Exercise details: Give back each line of the data exactly as it reads, minus the pictures.

Data for analysis:
------------------------

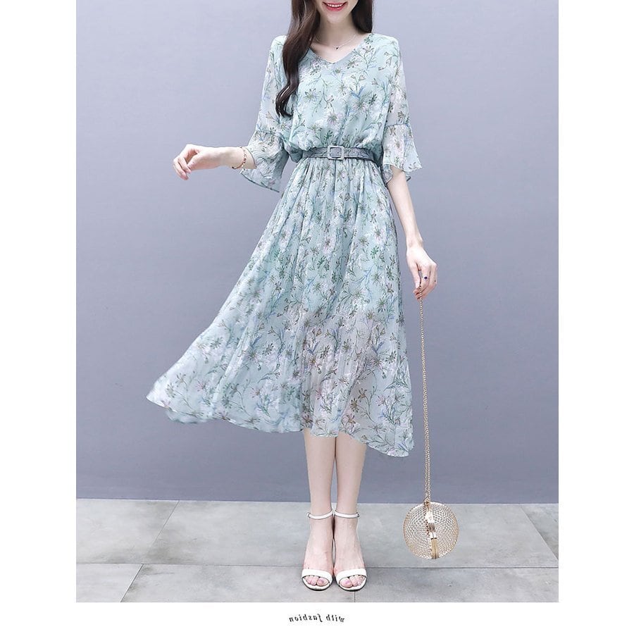 プリ-ツ加工のひざ丈ベルト付ワンピース。やわらかなペパーミントグリーンのシフォン地に花柄をプリント。スカート部分は細かなプリーツ加工がされていて動きやすく、袖はシフォン地をたっぷりと使用してふんわりとしたデザインになっています。ウエストは総ゴムなので長時間着ていても楽です。爽やかなペパーミントグリーンが心を軽やかに華やかせてくれます。裏地付。ファスナーなしのかぶるタイプ。ベルト付き。
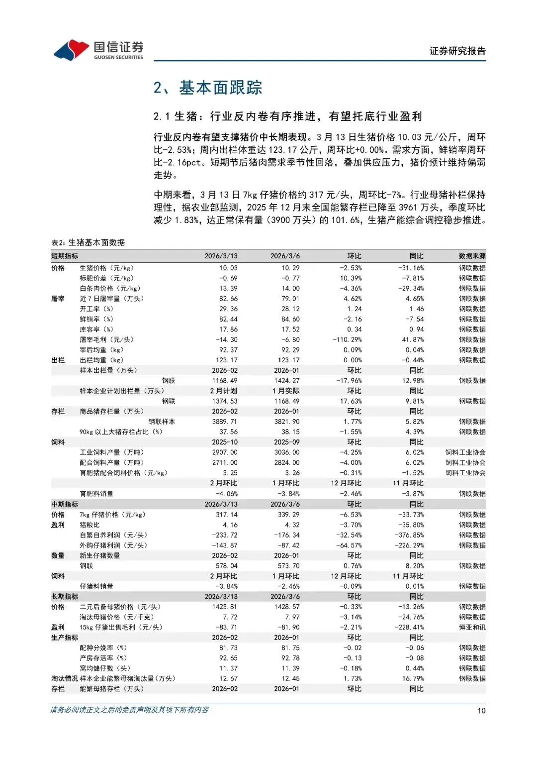 农林牧渔行业农产品研究跟踪系列报告(198):猪价下跌有望加速去化,全面看多农业板块-260315-国信证券-27页
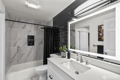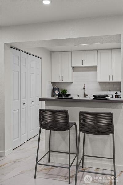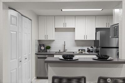 Beautifully updated 2-bed, 1-bath condo in a prime Redmond location near Bella Bottega, Lake Sammamish, Microsoft, Google, and many others. Key interior feature includes 3-zones of heated floors: living room, kitchen, and bathroom. Recessed lighting, and fresh paint throughout. The kitchen also offers new cabinets, garbage disposal, and stainless-steel appliances. In-unit laundry available with brand new appliances and water heater. Bathroom fully remodeled with new tile, vanity, and toilet. Bedrooms have new baseboard heaters and closet cabinets, so you never run out of storage. Fireplace refreshed with modern stone tile. Move-in ready and close to all amenities!
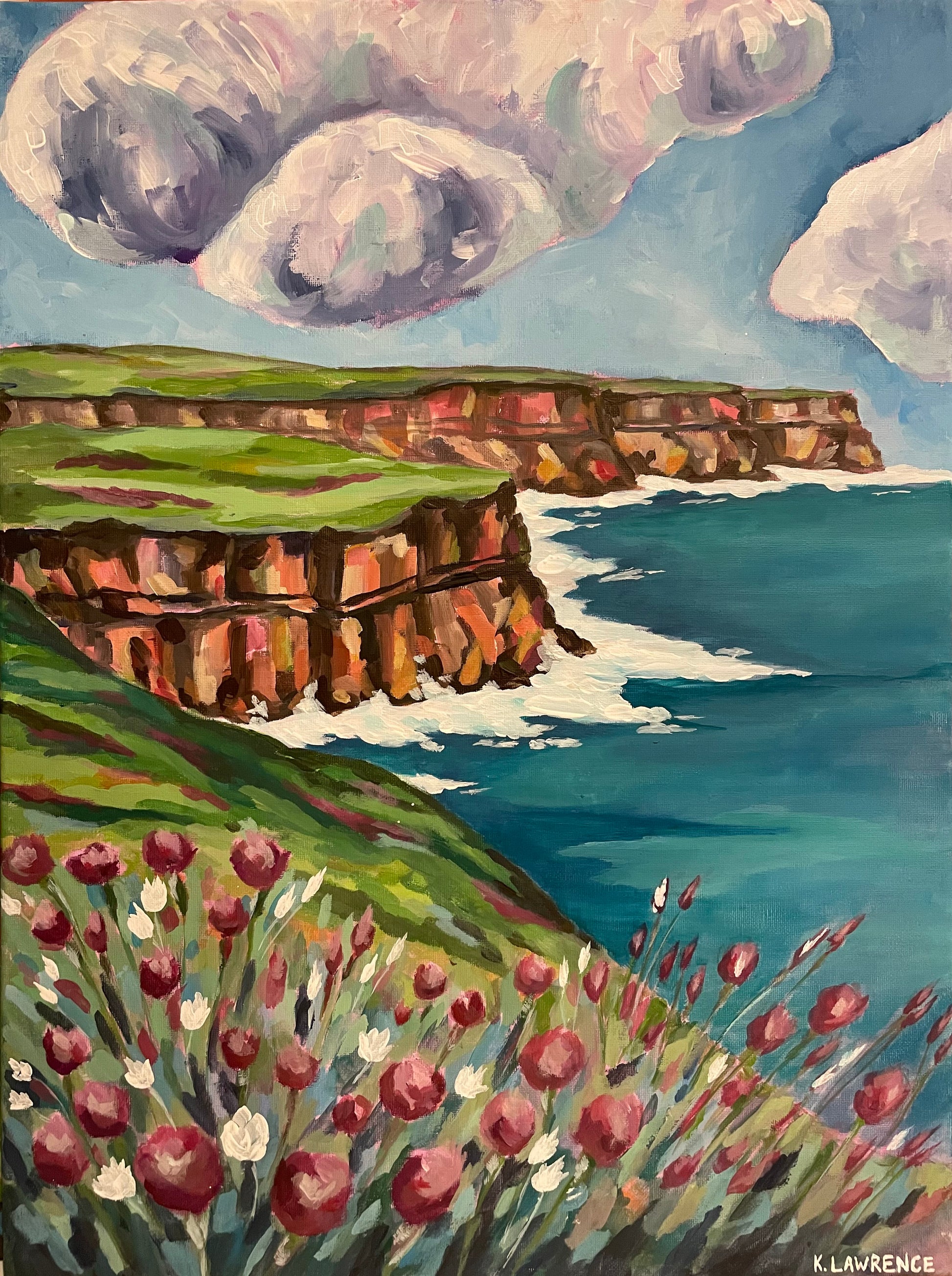 Blooming Heather is a vibrant celebration of Ireland’s iconic Cliffs of Moher. The painting showcases the symbolic heather in full bloom across the foreground, framing the majestic cliffs that rise above the rich blue-green waters below. Waves crash against the shore, bringing movement and life to this timeless coastal scene.
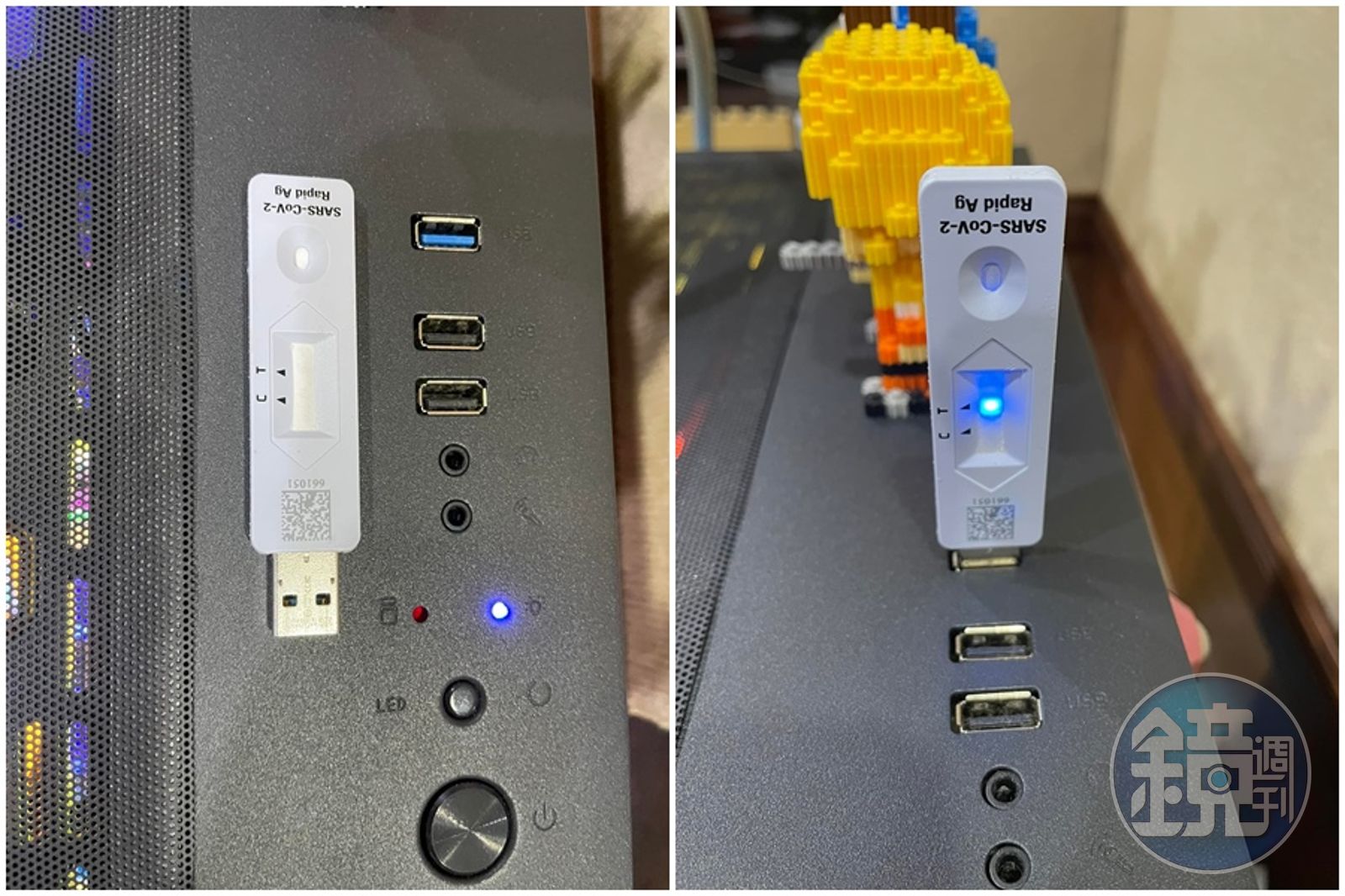 還有網友表示,「好有才~與病毒共存的第一步就是用的到的東西都要跟Covid-19有關」「主機也要驗快篩」「電腦快篩,看有沒有木馬病毒嗎?哈哈哈」「然後發現電腦確診」「下次會不會出現快篩悠遊卡」「亮兩顆燈就慘了😂」「插久兩條線的話表示過熱,不錯欸」「這明明是防毒軟體,插入顯示二條線表示中毒了😂」「怎麼製作的教一下」。

------------------------

Solution to the exercise:
 プリ-ツ加工のひざ丈ベルト付ワンピース。やわらかなペパーミントグリーンのシフォン地に花柄をプリント。スカート部分は細かなプリーツ加工がされていて動きやすく、袖はシフォン地をたっぷりと使用してふんわりとしたデザインになっています。ウエストは総ゴムなので長時間着ていても楽です。爽やかなペパーミントグリーンが心を軽やかに華やかせてくれます。裏地付。ファスナーなしのかぶるタイプ。ベルト付き。
 农林牧渔行业农产品研究跟踪系列报告(198):猪价下跌有望加速去化,全面看多农业板块-260315-国信证券-27页
 Beautifully updated 2-bed, 1-bath condo in a prime Redmond location near Bella Bottega, Lake Sammamish, Microsoft, Google, and many others. Key interior feature includes 3-zones of heated floors: living room, kitchen, and bathroom. Recessed lighting, and fresh paint throughout. The kitchen also offers new cabinets, garbage disposal, and stainless-steel appliances. In-unit laundry available with brand new appliances and water heater. Bathroom fully remodeled with new tile, vanity, and toilet. Bedrooms have new baseboard heaters and closet cabinets, so you never run out of storage. Fireplace refreshed with modern stone tile. Move-in ready and close to all amenities!
 Blooming Heather is a vibrant celebration of Ireland’s iconic Cliffs of Moher. The painting showcases the symbolic heather in full bloom across the foreground, framing the majestic cliffs that rise above the rich blue-green waters below. Waves crash against the shore, bringing movement and life to this timeless coastal scene.
 還有網友表示,「好有才~與病毒共存的第一步就是用的到的東西都要跟Covid-19有關」「主機也要驗快篩」「電腦快篩,看有沒有木馬病毒嗎?哈哈哈」「然後發現電腦確診」「下次會不會出現快篩悠遊卡」「亮兩顆燈就慘了😂」「插久兩條線的話表示過熱,不錯欸」「這明明是防毒軟體,插入顯示二條線表示中毒了😂」「怎麼製作的教一下」。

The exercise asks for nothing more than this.